Zelda hesitated, noting, “Are you not cold? It’s getting chilly out here.”
Link glanced down at his attire. He was still wearing his summer clothes, the bright red tunic laced with golden embroidery overlayed by the dark forest green cloth that draped over his left shoulder and across his chest, cinched at the waist with a brown decorative belt made of leather and beads. There was no need to wear trousers in the summer for nobles in formalwear, something Link had never really enjoyed, but he’d adopted the dress as he was expected, wearing sandals with it. At least the tunic went to his knees. Nevertheless, Zelda was right – he was underdressed for the weather, but… he’d chosen to wear his summer attire as it had been warmer in the day and he’d wanted the nighttime cold to slap some semblance of clarity into his foggy mind.
The hallucinations did not seem to be indicating that it was working.
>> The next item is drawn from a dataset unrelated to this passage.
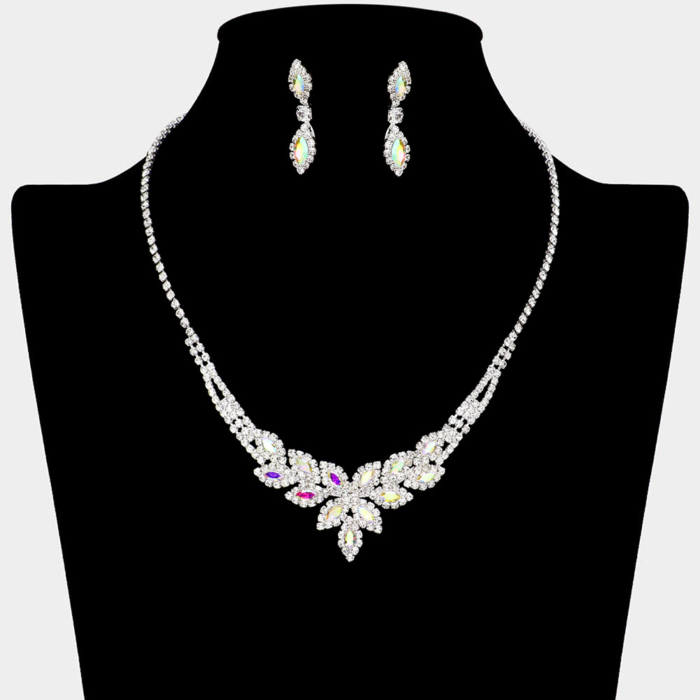 Flower Accented Marquise Stone Cluster Evening Necklace

The way he only just noticed he was shivering didn’t help, either.
Deflecting, he jutted his chin towards her briefly, his earrings jingling in the breeze with the movement. “And you?”
She was, after all, in her own warmer weather clothes, a sleeveless ocean blue knee-length simple dress overlapped with a milky white overdress that crossed over her chest, shoulder to opposite hip, before encircling her legs, more in the back than the front. She had a thicker belt with cloth bearing the symbol of the Triforce resting over the area the overdress left exposed. Her curly brown hair was pulled out of her face, though styled in its usual half-up/half-down manner, so at least her neck was likely somewhat warm. He could vaguely make out goosebumps over her light skin, despite her hands covering her upper arms and the bright blue skin paint that decorated her from upper arms to wrists.
“I’m freezing,” she admitted. “Come inside, Link.”
Did she actually need something? It was strange for her to seek him out this late. They certainly weren’t on as bad terms as they used to be at the start of their rocky marriage, but given her actions over Sonia’s training, Link had distanced himself and their son from her. He hadn’t wanted Orik dragged into her scheming like his sister had been. It had left their relationship… cool, to say the least.
Sighing, he complied. There was nothing left to do at this point, and he didn’t have the energy to argue further. His eye roamed the balcony, scanning for any more hallucinations, but his mind seemed to be having some mercy on him; the demon king, Link’s chief, and his former love were all gone.
His fingers stopped stinging from the cold as he followed the queen indoors, though the air was still fairly chilly. Zelda didn’t speak, instead wrapping an arm around him and guiding him along. He glanced at her, almost wanting to ask what this was about, but not caring enough to do so. With the minor alarm of haunting images of his past disappearing, he’d grown numb to the world once more.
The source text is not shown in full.